▶ TASK DIRECTIONS: Please output only the lines that begin at the line with "その後のレクリエーションでは" and run through the end of the entries below, exactly as written. Drop all pictures.

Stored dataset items
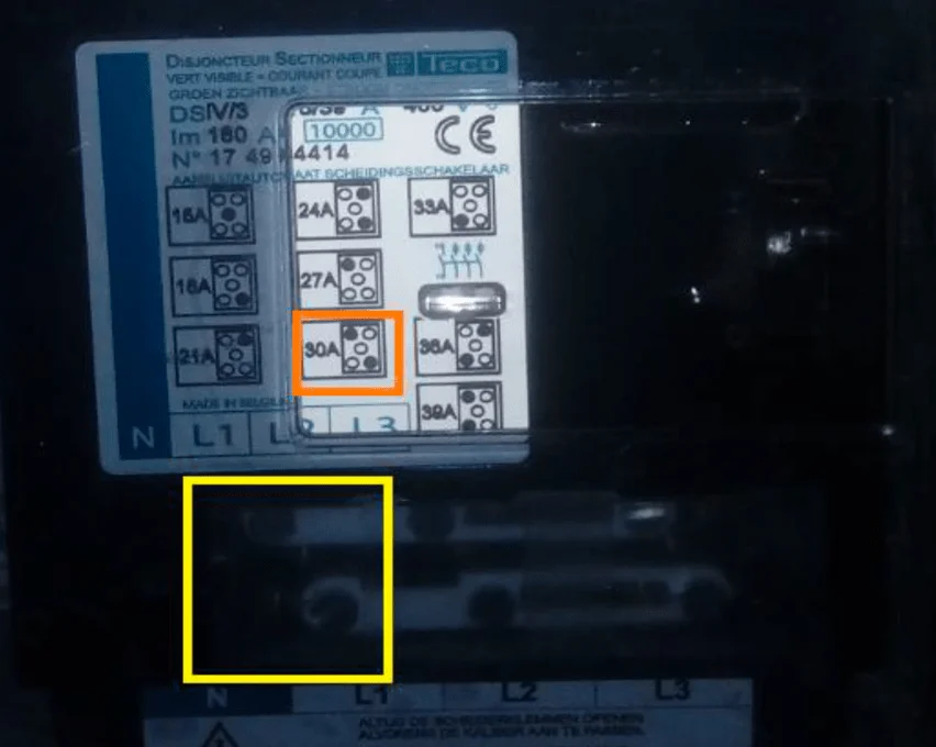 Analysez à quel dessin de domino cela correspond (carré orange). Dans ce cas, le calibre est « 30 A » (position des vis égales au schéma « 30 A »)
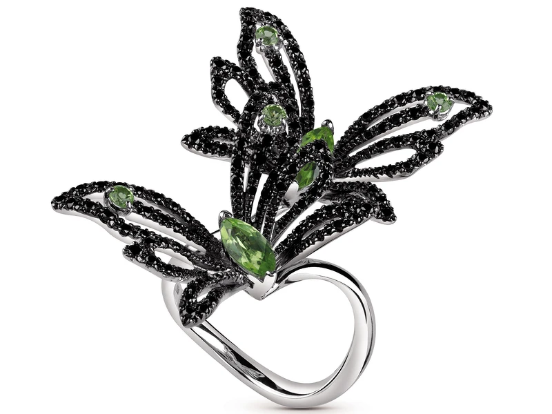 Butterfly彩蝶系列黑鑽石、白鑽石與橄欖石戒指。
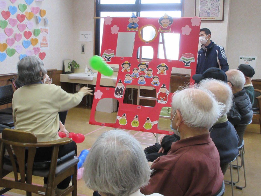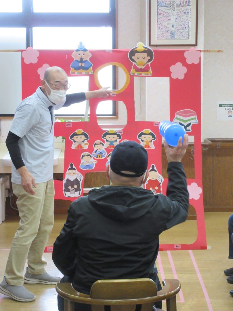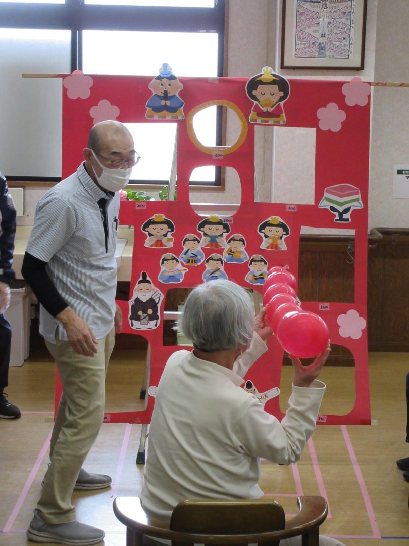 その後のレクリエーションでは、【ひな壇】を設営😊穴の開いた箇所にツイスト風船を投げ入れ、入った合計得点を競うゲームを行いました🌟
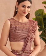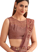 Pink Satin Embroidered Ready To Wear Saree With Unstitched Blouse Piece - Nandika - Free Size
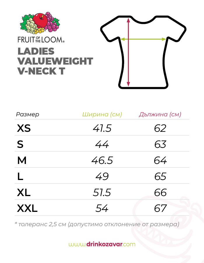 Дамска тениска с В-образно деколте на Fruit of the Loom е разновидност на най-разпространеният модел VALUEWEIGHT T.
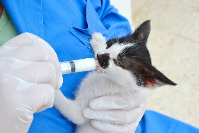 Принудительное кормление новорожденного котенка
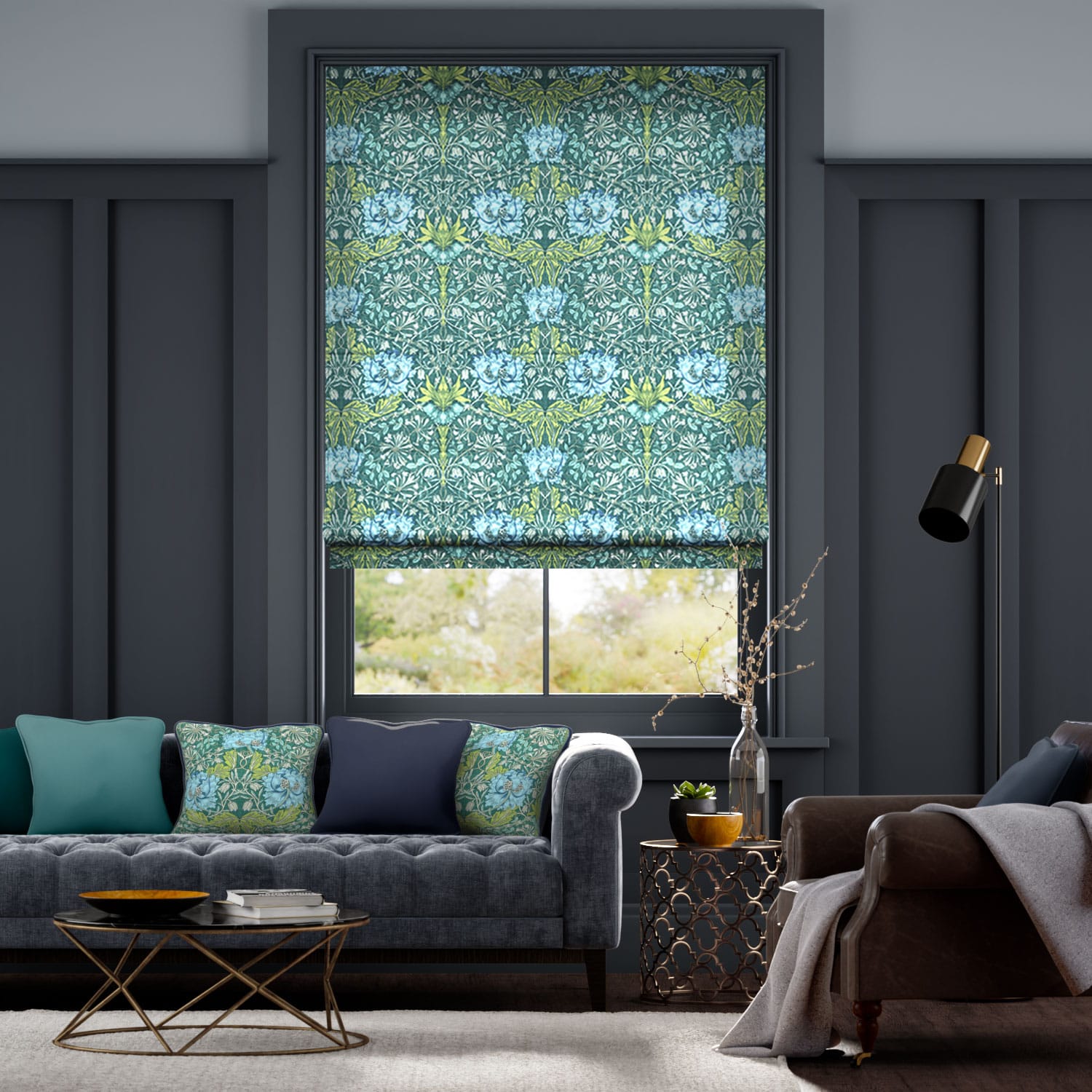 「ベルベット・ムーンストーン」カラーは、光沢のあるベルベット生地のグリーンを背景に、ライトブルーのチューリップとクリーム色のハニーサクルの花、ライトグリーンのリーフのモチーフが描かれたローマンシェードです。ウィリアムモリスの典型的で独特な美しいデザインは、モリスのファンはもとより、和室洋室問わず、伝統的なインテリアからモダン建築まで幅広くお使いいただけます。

▶ RESULT OF THE TASK:
 その後のレクリエーションでは、【ひな壇】を設営😊穴の開いた箇所にツイスト風船を投げ入れ、入った合計得点を競うゲームを行いました🌟
 Pink Satin Embroidered Ready To Wear Saree With Unstitched Blouse Piece - Nandika - Free Size
 Дамска тениска с В-образно деколте на Fruit of the Loom е разновидност на най-разпространеният модел VALUEWEIGHT T.
 Принудительное кормление новорожденного котенка
 「ベルベット・ムーンストーン」カラーは、光沢のあるベルベット生地のグリーンを背景に、ライトブルーのチューリップとクリーム色のハニーサクルの花、ライトグリーンのリーフのモチーフが描かれたローマンシェードです。ウィリアムモリスの典型的で独特な美しいデザインは、モリスのファンはもとより、和室洋室問わず、伝統的なインテリアからモダン建築まで幅広くお使いいただけます。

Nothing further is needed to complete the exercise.